The suitable dose for the other therapeutic agents (such as NAC) being mentioned above will be known to those skilled in the art , and those of listed including being directed to related drug in relevant medical literature, such as Martindale-The Complete It those of is listed in Drug Reference (the 35th edition) and the file being mentioned above, in the correlation in all files is open Appearance is incorporated herein by reference.
The preparation of compound and preparation
The compounds of this invention can be commercially available, or technology well known by persons skilled in the art can be used to prepare, example Technology those of described in publication as mentioned herein.For example, NBMI can be according to U.S. Patent number US6, in 586,600B2 The step preparation, content (the step of described in the example especially wherein provided) are incorporated herein by reference.
As described herein, pharmaceutical preparation is (including as according to the fourth aspect of the invention containing more than one active constituents Those) it technology well known by persons skilled in the art can be used to prepare.Similarly, more part kit (such as fifth aspect present invention It is described) it technology well known by persons skilled in the art can be used to prepare.
Further aspect according to the present invention provides:
A method of the pharmaceutical preparation as described in terms of preparing such as fourth aspect present invention and the 6th, it includes such as this hairs It is described in terms of bright fourth aspect and the 6th to be combined into component (a) and (b) mixture (being combined into identical preparation), and optionally Ground is in conjunction with one or more pharmaceutically acceptable excipient;And
A method of more part kits as described in terms of preparing such as fifth aspect present invention and the 7th, it includes will Component (A) and (B) as described in terms of fifth aspect present invention and the 7th combine.
In order to avoid query, by each component in terms of " in conjunction with " includes such as fifth aspect present invention and the 7th mutually as described in it is more The component (A) of part kit and (B) can be with:
(i.e. independently from each other) is provided as isolated preparation, is then put together for being combined with each other for combining Treatment;Or
It is packaged as the separation component of " combination packet " and the separation component as " combination packet " provides, for being combined with each other use In combined therapy.
When be used for purposes as described herein and method when, the compounds of this invention acetaminophen toxicity or with paracetamol poison Property relevant acute hepatic failure treatment or prevention in can have the advantage that and similar treatment well known in the prior art or pre- Anti- measure is compared may be for doctor and/or patient are more convenient, more effective, toxicity is lower, have broader field of activity, effect It is higher, generate less side effect or can have other useful pharmacological characteristics.

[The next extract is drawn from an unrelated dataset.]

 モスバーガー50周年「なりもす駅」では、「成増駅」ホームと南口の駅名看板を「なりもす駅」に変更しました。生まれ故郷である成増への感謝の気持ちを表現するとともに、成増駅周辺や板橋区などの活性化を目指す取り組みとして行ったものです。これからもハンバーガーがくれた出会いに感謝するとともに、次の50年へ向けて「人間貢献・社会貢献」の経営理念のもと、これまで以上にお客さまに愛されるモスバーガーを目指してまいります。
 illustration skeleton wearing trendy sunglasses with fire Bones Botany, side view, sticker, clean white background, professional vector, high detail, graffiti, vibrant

Without wishing to be bound by theory, it is believed that the compounds of this invention is metabolized with the ratio of 1:2 and acetaminophen toxicity Object (NAPQI) combines in vitro and the unexpected activity of (importantly) Binding in vivo aspect allows effectively to block it unexpectedly The method of hepatic injury effect, to be prevented it (if early stage applies) or treatment (if this damage is made by providing And have begun occur after apply) effective ways mitigate paracetamol toxicity.
Particularly, it is believed that NBMI can effectively Binding in vivo NAPQI, to provide the body of directly blocking acetaminophen toxicity Interior effect (rather than working as in the case where the medicament as NAC as glutathione precursor) has efficacious prescriptions Method.

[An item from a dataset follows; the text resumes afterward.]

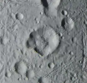 ![]() Кратер Зумурруд (в центре), снятый космической станцией Кассини-Гюйгенс | |
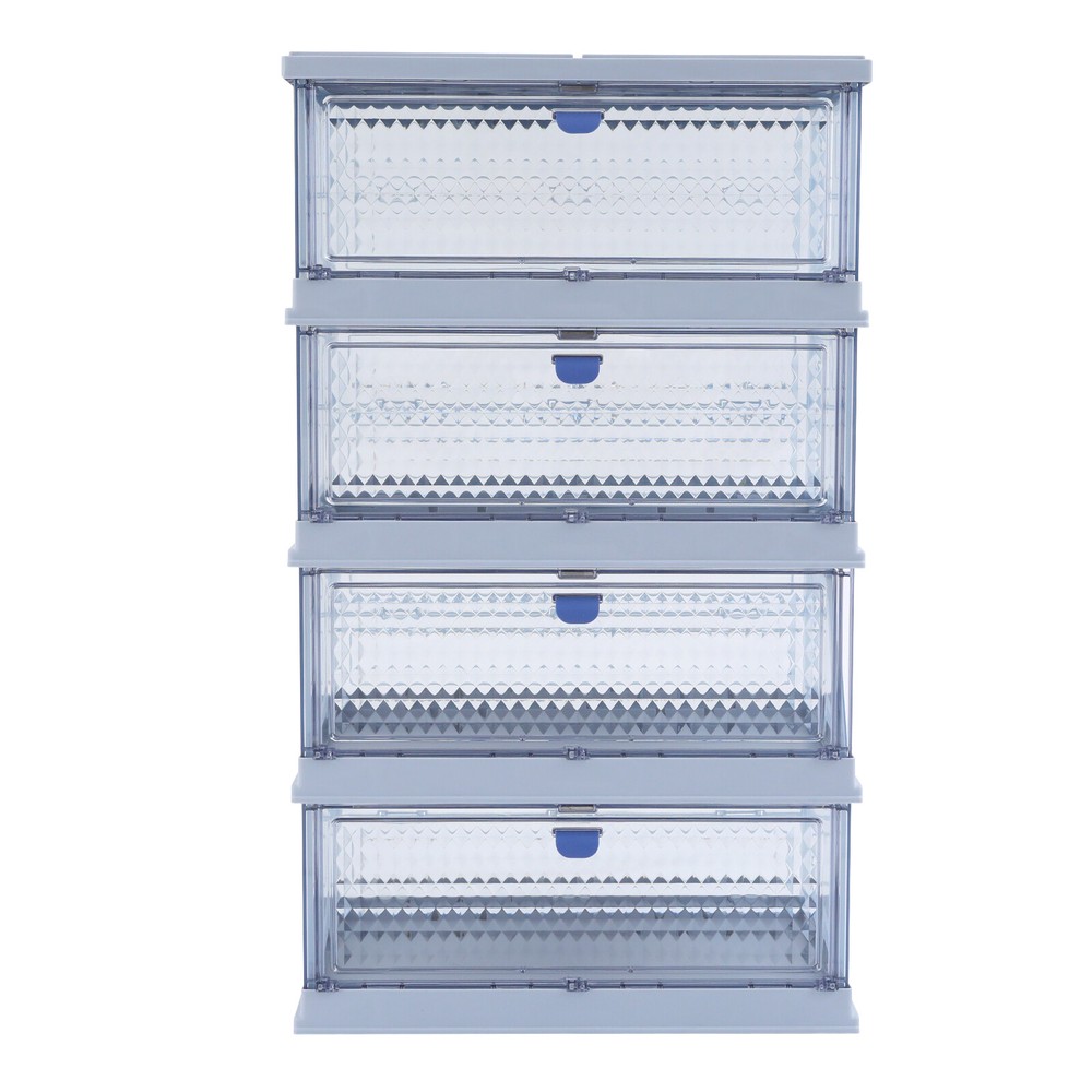 Have a nice day~ Description Do you still struggle with clutter and lack of storage space in your home? This storage cabinet will keep your room organized with its small footprint and large storage space. The strong weight-bearing capacity allows you to use it with confidence, and the foldable design makes it easy to carry and store. If you want to have a neat space, this product is an indispensable helper for you. Key Features Solid and Durable : This product is made of high-class PP and PS, which is anti-corrosion, anti-rust, environmentally friendly, strong, and durable, ensuring you can use it for a long time. Spacious Storage Space : The 4-tier structure provides you with the convenience of storing different categories of items in separate sections, including shoes, snacks, pet supplies, and toys. In addition, the large top platform is convenient for placing your flower pots, bags, keys, umbrellas, and more. Thoughtful Design: The visual design allows you to see items inside at a glance, making it easier to select, access, and place items. The magnetic cabinet door will not open automatically when moving or stationary and is effective in preventing dust and insects in daily use. The diamond panel allows you to see what is inside in a way that doesn't look messy. Strong Bearing Capacity : High-class material, one-piece frame, and rectangular structure make this product withstand 14.33 lbs in each tier, so you can use it with confidence without worrying about collapsing. Foldable and Portable: You can fold this product into a smaller size for convenient storage when not in use, which will not take up much space. Simple to Use : This product adopts an integrated foldable design with a simple structure without additional assembly. You simply unfold it to start using it, thus saving time and effort. Effortless Clean : The smooth surface and simple structure make the cabinet easy to clean with water and a damp cloth (not included). Ideal Gift : Beautiful appearance and practical function make it an ideal housewarming gift for family and friends so that they can enjoy a more exquisite life. Stylish Appearance : The pleasing blue color, diamond patterns on the doors, and smooth lines make the whole product lovely and modern. Wherever it is placed, it will be beautiful scenery. Application It is suitable for storing shoes, cosmetics, books, towels, snacks, sundries, and more in entrances, kitchens, closets, study rooms, living rooms, cloakrooms, or bedrooms. Details Practical Handles : The handles on each door make it easy to open and close the doors. Smooth Edges : They not only enhance the aesthetics of the product but also improve safety during cleaning and use. Specification Color: Blue Style: Modern Shape: Rectangle Material: PP, PS Process: Injection Molding Mount Type: Floor Standing Each Tier Load-bearing Capacity: 6.5kg/14.33 lbs Number of Tiers: 4 Product Size(Unfolded): 52.7*34.8*89.24cm/20.7*13.7*35.1in Package Size: 59*24*42cm/23.23*9.45*16.54in Gross Weight: 6.55kg/14.44lbs Net Weight: 5.72kg/12.61lbs Package Included 1* Storage Cabinet Notes Please confirm the product dimensions before purchasing. Please avoid heavy impact, sharp objects, or direct high-temperature exposure during use to avoid product damage or aging. Please note that this product does not include other items shown in the picture. Please allow the slight color difference caused by the shooting light and 1-3cm error due to manual measurement and make sure you do not mind before ordering. Payment Delivery details Terms of sales About us Contact us Payment We accept ebay payment 。 Fees such as import duties, taxes are not included in the item price or shipping costs. These charges are the buyer's responsibility. Delivery details Shipping: 2-9 working days to: USA Terms of sales We maintain high standards of excellence and strive for hundred percent customer satisfaction. Feedback is very important to us. We hope that you contact us immediately before you give neutral or negative feedback, so that we can address your concerns. It is impossible to address issues if we do not know about them! About us Your satis faction is our ultimate goal. We work hard to earn your trust and future business. Our certified technicians have tested each item before shipping. The unit comes with 1 year limited warranty on all manufacturing defects. a) If you receive a defective item, you may return it or ask for a discount. Please contact us within 14 days after you receive the package. b) What you returned must be intact and in its original packaging as re? u. Customer is responsible for shipping costs of the returned item. c) We will cover the cost of shipping back t with the shipping rate indicated in the registration page. We will send you a new unit or refund the full payment you paid. Thank you. Contact us Business Hour Business Hour: Monday To Friday: 8:30 AM to 5:00 PM (Beijing China time) Due to time zones, our reply to your questions may not be immediately. But within above working time, we will reply your email within 24 hours. If it's non-workdays, please kindly be patient and wait till Monday. Please contact us with ebay message. Please feel free to contact us if you have any questions. Monday To Friday: 8:30 AM to 5:00 PM (Beijing China time) Due to time zones, our reply to your questions may not be immediately. But within above working time, we will reply your email within 24 hours. If it's non-workdays, please kindly be patient and wait till Monday. Please contact us with ebay message. Please feel free to contact us if you have any questions.

Detailed description of the invention
Fig. 1 shows results of in vitro studies, wherein the NBMI that display NAPQI is stored in the activation of calcium channel TRPA1 Inhibit.

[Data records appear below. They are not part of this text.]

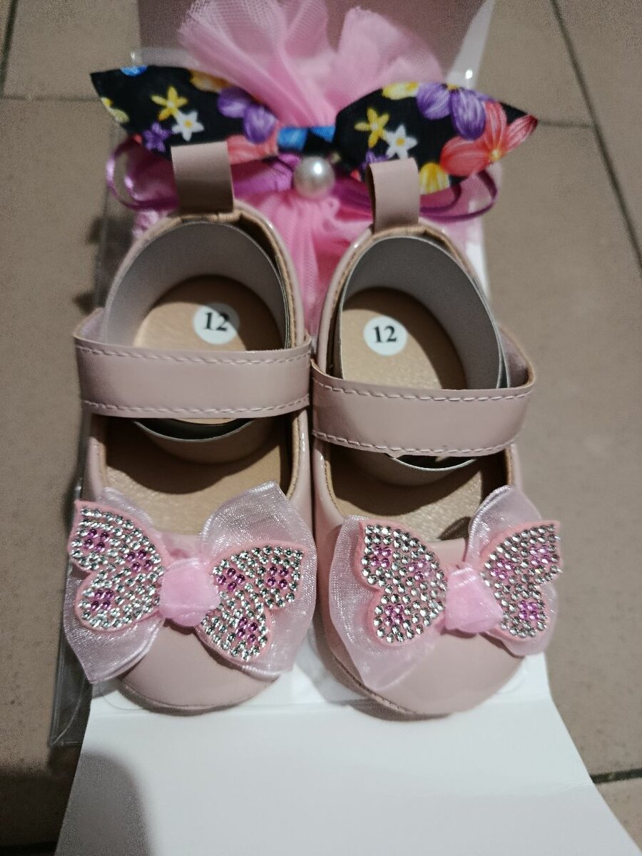 Adorables chaussures pour bébé ornées d'un nœud papillon pailleté rose. Parfaites pour compléter une tenue élégante de petite fille. Confort garanti pour les premiers pas.
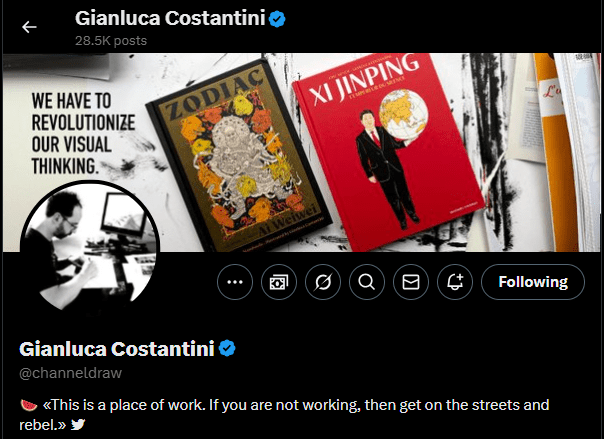 This is a place of work. If you are not working, then get on the streets and rebel. Gianluca Costantini
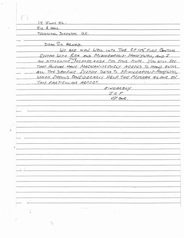 JCF letter to Sir A. Hall - Re: fire control system
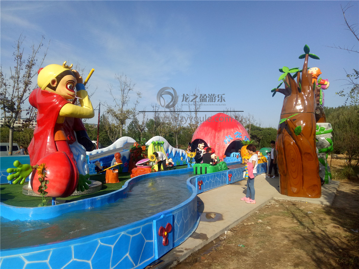作為許昌龍之盈游樂(lè)設(shè)備有限公司的專利新品兒童游樂(lè)設(shè)施,花果山漂流一經(jīng)投入就受到孩子們的熱情追捧。孫悟空一直都是孩子們模仿崇拜的王者,孫悟空以經(jīng)典的腳踏筋斗云姿勢(shì)佇立游樂(lè)設(shè)施中央以及各種有關(guān)花果山的卡通造型,和它與眾不同新穎的玩法使之成為游樂(lè)園中的吸金利器。
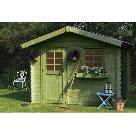 Remarques : – Vérifier que l’accès au point de livraison soit possible par une semi-remorque – Pas de livraison vers les îles sans pont avec le continent : Abri jardin bois Sologne – Modèle imprégné (vert) – 8.88 m² – 298 x 298 x 239 cm. Structure : Bois. Surface intérieure (m²) : 7.53 m². Surface extérieure (m²) : 8.88 m². Intérieures : 274 x 274 x 191 cm. Extérieures : 298 x 298 x 239 cm. Hors tout : 345 x 335 x 239 cm – 11.54 m². Hauteur des murs : 191 cm Epaisseur des madriers (côté) : 28 mm. Hauteur faîtage : 239 cm. Type : 1 porte. Fenêtre : 1 fenêtre S’ouvre en oscillo-battant. Épaisseur : 28 mm. Origine : Belgique. Type de toiture : Feutre bitumé Epaisseur du toit : 16 mm Résiste aux intempéries (75 kg/m²) Résiste au vent (30 kg/m²). Surface de la toiture : 11.48 m². Pourcentage de la pente : 19 °. : Système d’aération Surface à peindre : 29.30 m² Rebord d’entrée Verres de sécurité Poignée de sécurité pour enfants. Dimensions de la dalle béton : 2980 x 2980 mm. Colisage : 1 colis : – 3,53 x 1,19 x 0,48 m, 560 kg. Dimensions : 8 – 9 m².
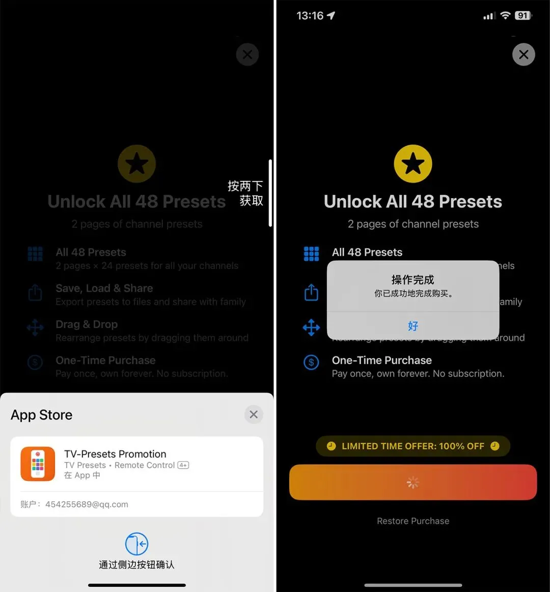 - 限免获取的内购,可以随时通过软件内的【恢复购买】重新免费获取。
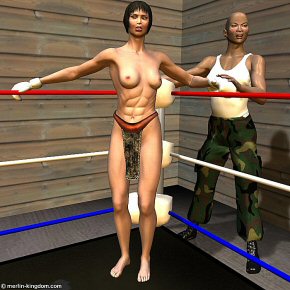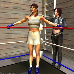 Referee, to fix up a fight for Pippa. Claude gets in touch with Soo Lan, a Mongolian woman who runs a group of Asian fighters. Soo suggests a match against Mai Ling, a Chinese girl who has recently joined her group and who is also looking for her first fight. So Claude arranges the fight and hires the Pit for a late night session in the middle of the week when the place is empty. It is just gone midnight when Soo Lan and Jackie escort their two fighter down into the Pit where Claude, who is acting as the Referee, is already waiting. Both girls are visibly nervous as they climb between the ropes and enter the ring for their first real fight. Claude now formally introduces the combatants as if the fight were in front of an audience. "On my right from Xian, China at 5 ft 7 in and 140 lb - Mai Ling!" "On my left from Buffalo, USA at 5 ft 8 in and 142 lb - Pippa!" |
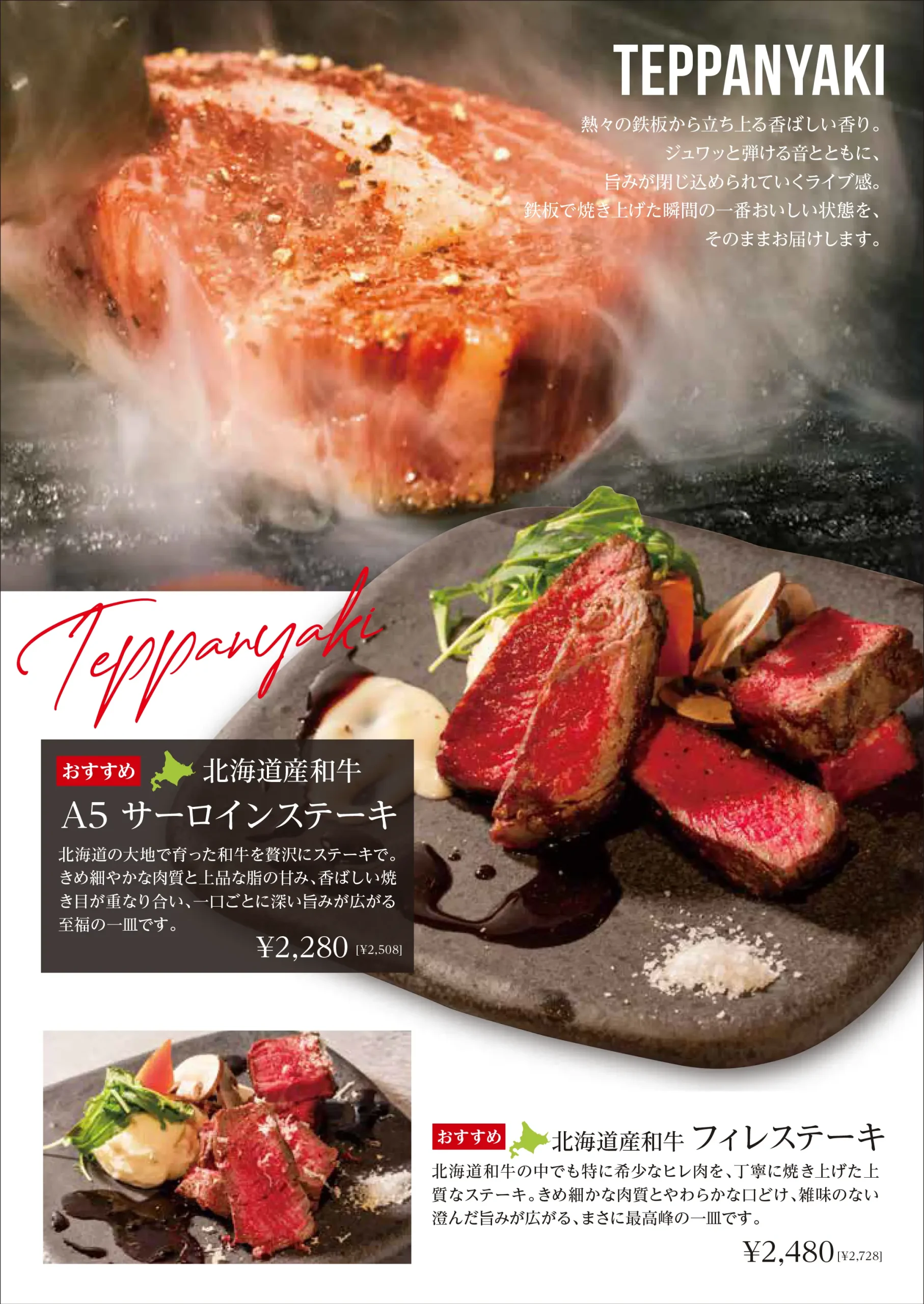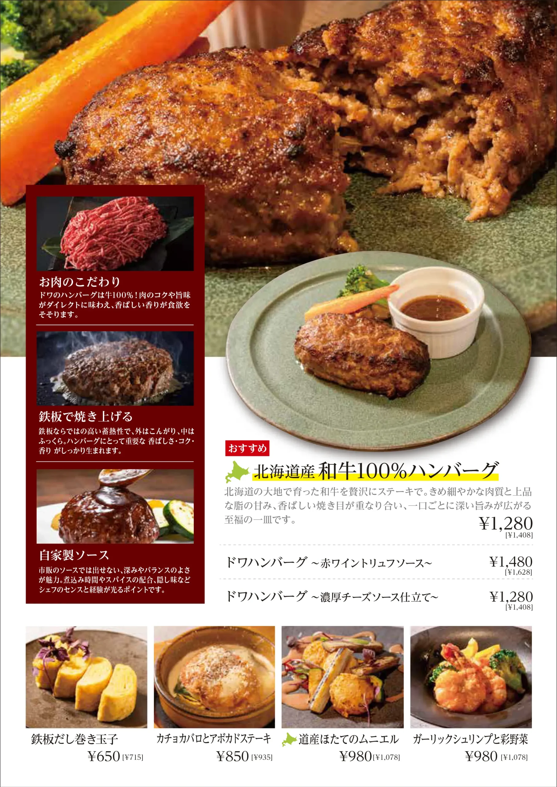 鉄板焼き 熱々の鉄板から立ち上る香ばしい香り、食欲をそそる焼き音。 ドワ33の鉄板焼きは、焼き上がるその瞬間までを含めて“料理”と考えています。 素材が持つ旨みを逃さず閉じ込め、最もおいしい状態でお届けするため、火入れには細やかな調整を重ねています。 北海道産和牛を中心に、ステーキやハンバーグなど定番の一皿まで幅広くご用意。 きめ細かな肉質と上質な脂の甘み、鉄板ならではの香ばしい焼き目が重なり合い、 一口ごとに深い満足感を感じていただける料理に仕上げています。

Fig. 2 a and Fig. 2 b show the clinical evidence of conceptual approach as a result, it shows that NBMI is likely to tie with NAPQI in vivo It closes.
Effect of the NBMI to acetaminophen toxicity in the mice study of paracetamol is administered orally in Fig. 3 display.
Fig. 4, which is shown, applies effect of the NBMI to acetaminophen toxicity in the ALT chemical examination of paracetamol by intraperitoneal injection.
Fig. 5, which is shown, applies effect of the NBMI to acetaminophen toxicity in the AST chemical examination of paracetamol by intraperitoneal injection.
Fig. 6 is shown in the paracetamol of intraperitoneal application 200mg/kg and the synchronous NBMI or load that 680mg/kg is administered orally The level (unit/L) of liver enzyme ALT and AST after body 24 hours in mouse.* and * * * marks the height for showing statistical significance Degree.
Specific embodiment
The present invention is further illustrated by following instance, but is not limited.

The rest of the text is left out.